Sequentially, for each of the 3 CA-MRSA criteria (Table 1), using the x2 test (Stata 11; StataCorp) we assessed differences between concordant MRSA and University of Chicago Medical Center MRSA in capturing CA- and HA-MRSA, defined by 3 criteria, from 2004 to 2005. Similar analyses were performed for 2006 and 2007, but concordant MRSA and University of Chicago Medical Center MRSA were compared for CA-MRSA cases only by the 48-hour criterion for these 2 years. These analyses excluded isolates obtained less than 3 days prior to patient discharge because these cases would not likely be included in hospital chart coding. This approach may exclude many brief hospital stays and stays in which patients were clinically doing well at the time of their culture. However, with this analysis we aimed to eliminate a class of hospital discharges that would systematically lead to under-coding of V09.0 when a true MRSA infection was present.

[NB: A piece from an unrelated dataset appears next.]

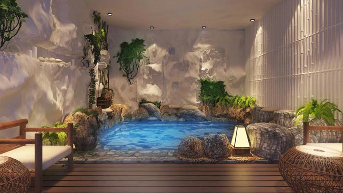 崖底溫泉的設(shè)計(jì):此處描繪的是一個(gè)山崖底部的溫泉,在這里開啟了我們的少年夢(mèng)想,相信每一個(gè)人都有在崖底奇遇的夢(mèng)想,在這里我們可以變泡溫泉邊想象,在這樣的空間中,我們的疲憊被夢(mèng)想所替代,這也是設(shè)計(jì)師的一個(gè)情結(jié),就是希望每一個(gè)人都可以在這里尋回少年的夢(mèng)想,當(dāng)然奇遇就是某種獎(jiǎng)勵(lì)。

RESULTSSensitivity of UHC Data

The classification of data from the University of Chicago Medical Center surveillance project and the UHC clinical database are shown in Figure 1. In 2004–2005, there were 312 unique inpatients with MRSA infections; 44.6% (139/312) of these patients were classified as having concordant MRSA, and 55.4% (173/312) were classified as having University of Chicago Medical Center MRSA. There were 113 patients with UHC MRSA, and 36% (42/113) of them were found on electronic medical record review to have had a clinical MRSA infection in the study year; 64% (71/113) of them did not have an MRSA infection. There were 354 MRSA HDs in the complete University of Chicago Medical Center MRSA set (Figure 1A). The sensitivity of the UHC database for 2004–2005 for the complete University of Chicago Medical Center MRSA set was 51.1%, and this increased to 61.2% in 2006 (data in Figure 1B) and to 64.9% in 2007 (data in Figure 1C).

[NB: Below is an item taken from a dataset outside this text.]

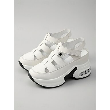 Sandali da donna bianchi con plateau – sandali sportivi leggeri con ammortizzazione ad aria e suola ammortizzante, scarpe comode per camminare, viaggiare e per il tempo libero & all'aperto

Adjustment for Incomplete Reporting of Discharge Diagnoses to UHC

The estimated number of MRSA HDs per 1,000 hospital discharges, adjusted for incomplete reporting of UHC discharge diagnoses, demonstrated an underestimation of coded MRSA infections ranging from 10.9% in 2005 to 26.8% in 2008 (Table 2).

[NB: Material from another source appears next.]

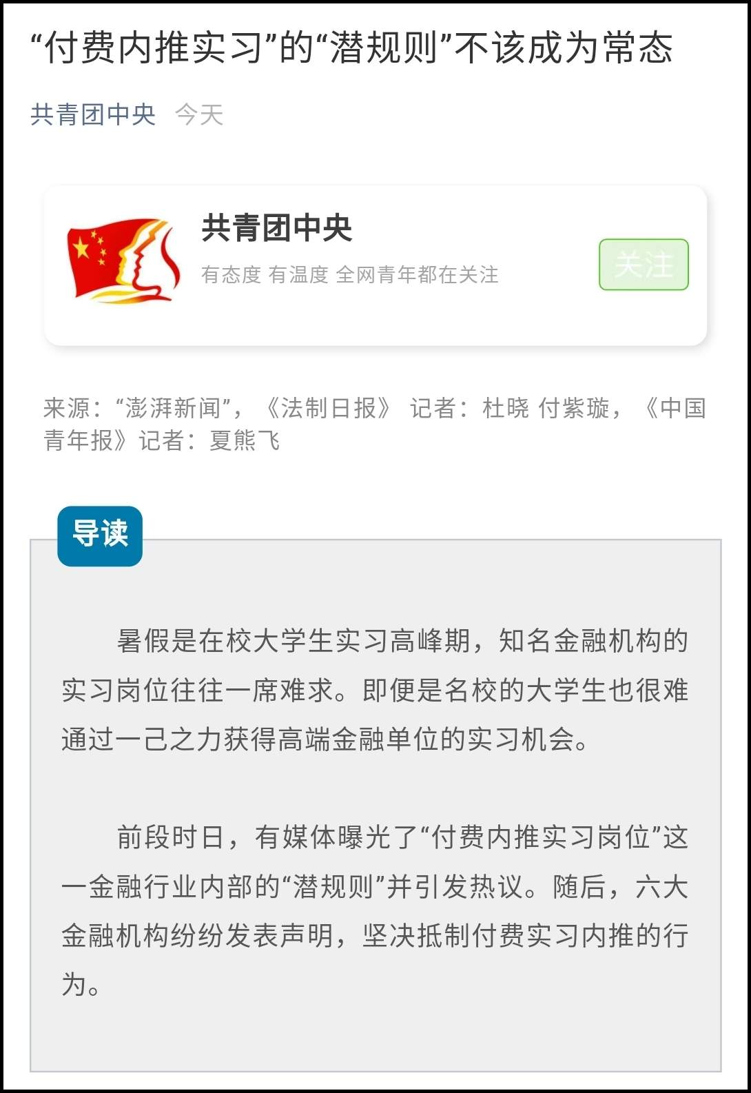 7月19日,共青團中央的微信公眾號發佈了文章《”付費內推實習“的”潛規則“不該成為常態》,批評了這些中介機構的行為,並呼籲有關單位抵制此類現象。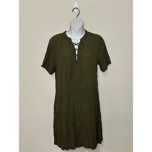 Madewell Novela Lace-Up Front Shift Dress Olive Green Viscose Size S EUC!!

Sensitivity Analysis for Mean and Range of Values Estimating MRSA HDs at US AMCs

The mean sensitivity of the V09.0 ICD-9-CM code to detect true MRSA infections measured over three 12-month periods (July 2004–June 2005, 2006, and 2007) was 59.1% at the University of Chicago Medical Center. The mean sensitivity for the 3 AMCs for 2001–2007 included in the report from Schweizer et al20 was 21.3%, 34.2%, and 23.3%, respectively. The range for the sensitivity obtained from the present study and from Schweizer et al20 in a given year, reflecting data from 4 AMCs, was 15.1% to 64.9%; the mean sensitivity for all 4 centers was 34.5%. This range and the mean value were used to adjust the raw data on annual incidence of MRSA HDs per 1,000 total discharges at US AMCs (Table 2).

Capture of CA- and HA-MRSA by the <italic>ICD-9-CM</italic> Administrative Coding Data

We compared the ability of the UHC clinical database to capture CA-MRSA infections relative to HA-MRSA infections. We excluded patients cultured less than 3 days prior to discharge, who made up varying percentages of patients in University of Chicago Medical Center surveillance in 2004–2005 (25.6%), 2006 (28.4%), and 2007 (36.9%).

In 2004–2005, among patients cultured more than 3 days prior to their discharge, concordant MRSA, compared with University of Chicago Medical Center MRSA, were more likely to include CA-MRSA than HA-MRSA patient discharges by all 3 criteria tested for CA-MRSA patients and strains. In 2006, in this group of patients, among concordant MRSA, 74% were CA-MRSA patients by the 48-hour criterion, but among University of Chicago Medical Center MRSA, 56% were CA-MRSA (P < .001); in 2007, these figures were 73% and 62% (P = .06), respectively (Table 3).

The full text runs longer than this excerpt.